------ Data shown
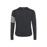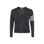 Fleece wool Cardigan by Thom Browne, striped cuffs with button, ribbed hem with adjustable side slits with buttons, V-neck, front button closure, two patch pockets on front, iconic brand logo bands on left arm, internal profiles with iconic brand colors.
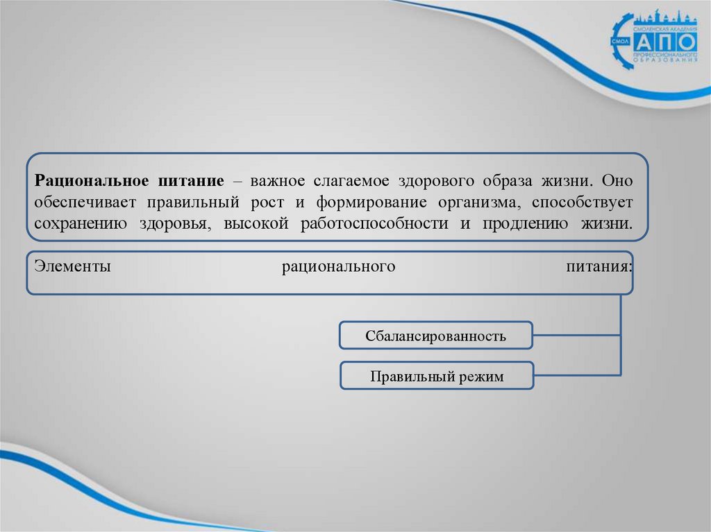 Рациональное питание – важное слагаемое здорового образа жизни. Онообеспечивает правильный рост и формирование организма, способствует
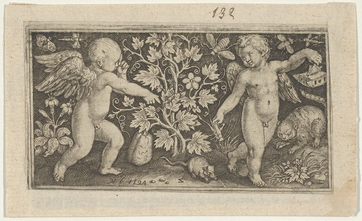 Two putti against a landscape with a plant growing a center and a rat below. At right, a putto holding a grasshopper in his right hand and a cat behind him at far right. From a series of six plates.
------------
:: Task objective ::
Word for word, repeat the lines of data above, omitting every picture.

:: Task response ::
 Fleece wool Cardigan by Thom Browne, striped cuffs with button, ribbed hem with adjustable side slits with buttons, V-neck, front button closure, two patch pockets on front, iconic brand logo bands on left arm, internal profiles with iconic brand colors.
 Рациональное питание – важное слагаемое здорового образа жизни. Онообеспечивает правильный рост и формирование организма, способствует
 Two putti against a landscape with a plant growing a center and a rat below. At right, a putto holding a grasshopper in his right hand and a cat behind him at far right. From a series of six plates.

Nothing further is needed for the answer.